* The data *
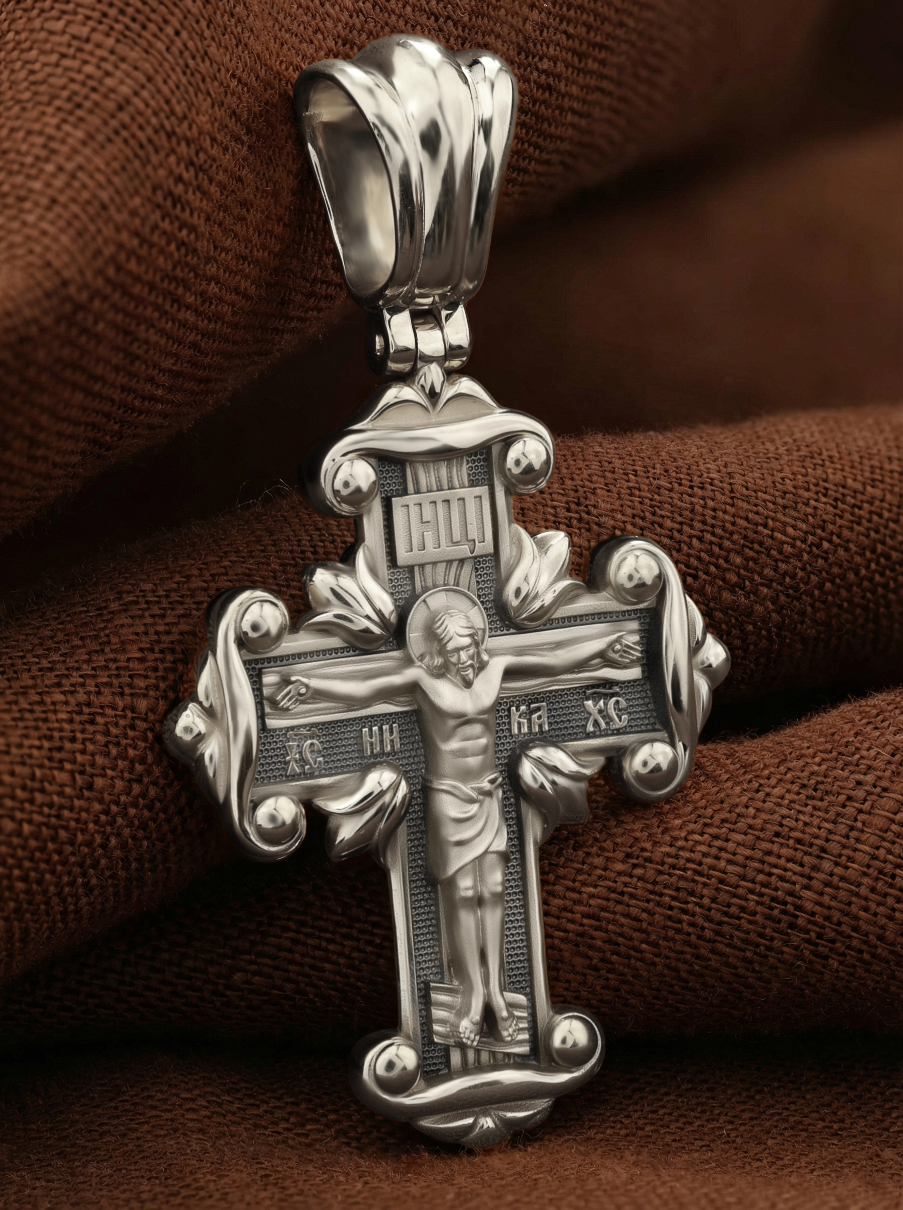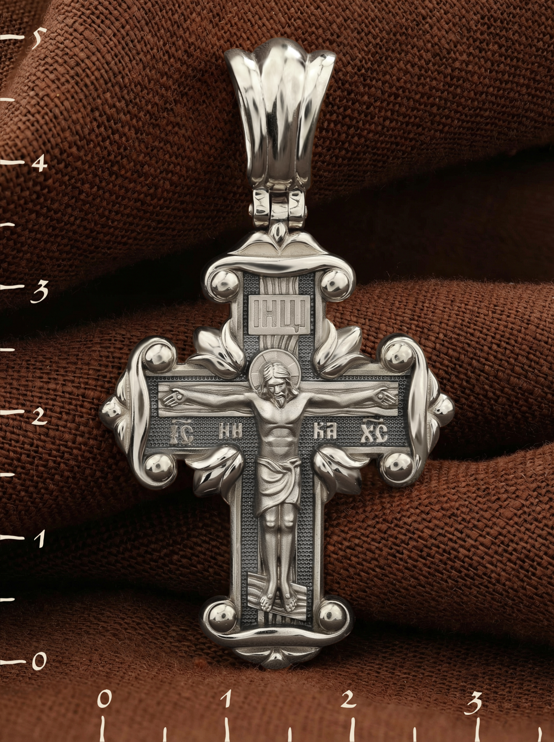 На лицевой стороне креста изображено Распятие Господа и Спасителя нашего Иисуса Христа, отдавшего Себя на смерть, для искупления грехов мира. Крест является символом жертвенной любви Всеблагого Бога к падшим людям, всепобеждающим духовным оружием христиан, основанием и средоточием церковной жизни. Господь сказал: кто хочет идти за Мною, отвергнись себя, и возьми крест свой, и следуй за Мною. (Мк. 8: 34). На верхней табличке, выше головы Иисуса, расположена надпись, составленная Понтием Пилатом — «IНЦI». Она означает «Иисус Назорей, Царь Иудейский». Надпись «IC» «ХC», означает Иисус Христос, помещается на разных сторонах поперечной перекладины креста. Рядом — слово «НИКА», что означает «победитель». На православном кресте Христос не умирает, а свободно простирает руки, ладони Иисуса открыты, будто он хочет обнять все человечество, даря им свою любовь и открывая путь к вечной жизни.
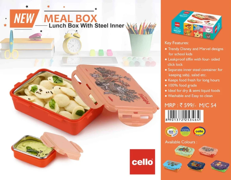 Cello Meal Box kids lunch box with inner steel
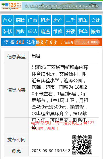 出租:位于双塔西街和南内环体育馆附近,交通便利,附近有实验小学,迎泽公园,医院,超市,面积为 18到20平米左右,1层到6层,每层都有,1室1厨 1 卫,月租金450元到500元,简装修,水电暖家具床齐全,拎包就可入住,可以月交。联系电话:13111000032韩先生,数量不多,先租先享受,欢迎光临 【电话咨询时,请一定说明在太原生活网看到的,谢谢!】 |

* About this task *
Line by line, return the listing above exactly, leaving out its pictures.

* Response below *
 На лицевой стороне креста изображено Распятие Господа и Спасителя нашего Иисуса Христа, отдавшего Себя на смерть, для искупления грехов мира. Крест является символом жертвенной любви Всеблагого Бога к падшим людям, всепобеждающим духовным оружием христиан, основанием и средоточием церковной жизни. Господь сказал: кто хочет идти за Мною, отвергнись себя, и возьми крест свой, и следуй за Мною. (Мк. 8: 34). На верхней табличке, выше головы Иисуса, расположена надпись, составленная Понтием Пилатом — «IНЦI». Она означает «Иисус Назорей, Царь Иудейский». Надпись «IC» «ХC», означает Иисус Христос, помещается на разных сторонах поперечной перекладины креста. Рядом — слово «НИКА», что означает «победитель». На православном кресте Христос не умирает, а свободно простирает руки, ладони Иисуса открыты, будто он хочет обнять все человечество, даря им свою любовь и открывая путь к вечной жизни.
 Cello Meal Box kids lunch box with inner steel
 出租:位于双塔西街和南内环体育馆附近,交通便利,附近有实验小学,迎泽公园,医院,超市,面积为 18到20平米左右,1层到6层,每层都有,1室1厨 1 卫,月租金450元到500元,简装修,水电暖家具床齐全,拎包就可入住,可以月交。联系电话:13111000032韩先生,数量不多,先租先享受,欢迎光临 【电话咨询时,请一定说明在太原生活网看到的,谢谢!】 |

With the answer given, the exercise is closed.